| HN Mirror

Y	Hacker News new \| ask \| show \| jobs

by zargath 394 days ago

Sounds very basic, sadly.

Anybody know why these web crawling/bot standards are not evolving ? I believe robots.txt was invented in 1994(thx chatgpt). People have tried with sitemaps, RSS and IndexNow, but its like huge$$ organizations are depending on HelloWorld.bas tech to control their entire platform.

I want to spin up endpoints/mcp/etc. and let intelligent bots communicate with my services. Let them ask for access, ask for content, pay for content, etc. I want to offer solutions for bots to consume my content, instead of having to choose between full or no access.

I am all for AI, but please try to do better. Right now the internet is about to be eaten up by stupid bot farms and served into chat screens. They dont want to refer back to their source and when they do its with insane error rates.

3 comments

stereolambda 394 days ago

> I believe robots.txt was invented in 1994(thx chatgpt).

Not to pick on you, but I find it quicker to open new tab and do "!w robots.txt" (for search engines supporting the bang notation) or "wiki robots.txt"<click> (for Google I guess). The answer is right there, no need to explain to LLM what I want or verify [1].

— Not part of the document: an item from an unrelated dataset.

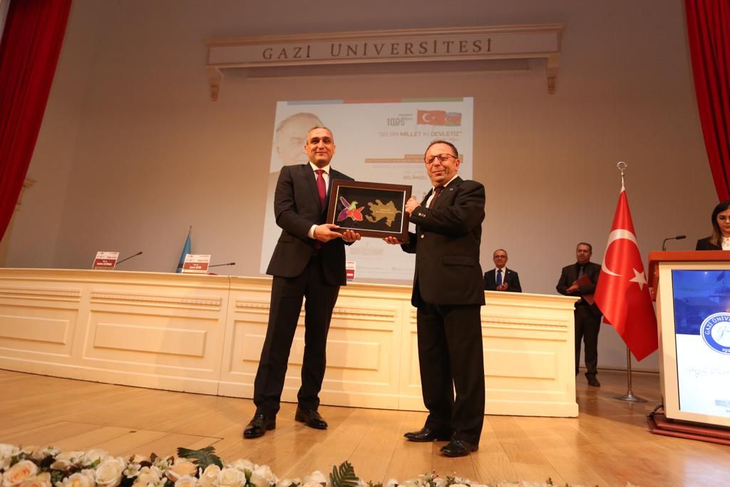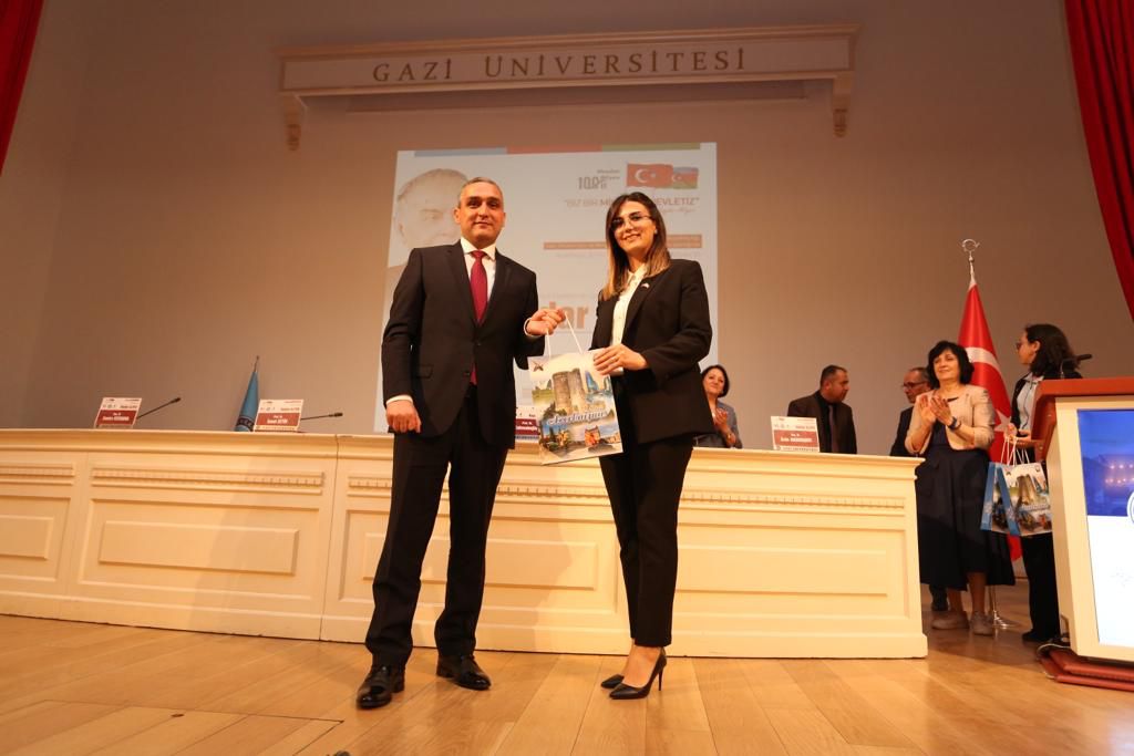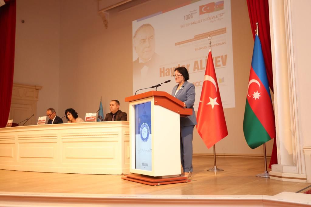 Qazi Universiteti rektoru Musa Yıldızın salamlarını çatdıran bu ali təhsil müəssisəsinin prorektoru Yücel Gelişli ortaq elmi konfransın əsas məqsədindən və önəmindən danışıb. Ulu Öndər Heydər Əliyevin qlobal liderlik keyfiyyətlərinə malik olduğunu vurğulayan prorektor görkəmli dövlət xadiminin çoxşaxəli, zəngin həyat və fəaliyyətində Türk Dünyasının xüsusi və mühüm yerə sahib olduğunu diqqətə çatdırıb. Bu il Türkiyə Respublikasının yaranmasının 100 illiyinin tamam olduğunu bildirən Y.Gelişli hər iki yüzilliyin sevincini özündə ehtiva edən belə bir tədbirə Qazi Universitetinin evsahibliyi etməsindən məmnunluğunu ifadə edib. İki universitet arasında əməkdaşlığın vacibliyindən bəhs edən Y.Gelişli MDU və Qazi Universiteti arasında müntəzəm olaraq təşkil edilən ortaq konfransların işbirliyinin inkişafına əhəmiyyətli töhfə verdiyini deyib, təşkilatçılara və məruzəçilərə təşəkkürünü bildirib.

[1] Ok, Wikipedia can be wrong, but at least it is a commonly accessible source of wrong I can point people to if they call me out. Plus my predictive model of Wikipedia wrongness gives me pretty low likelihood for something like this, while for ChatGPT it is more random.

link

reaperducer 394 days ago

robots.txt was invented in 1994(thx chatgpt)

Thought of and discussed as a possibility in 1994.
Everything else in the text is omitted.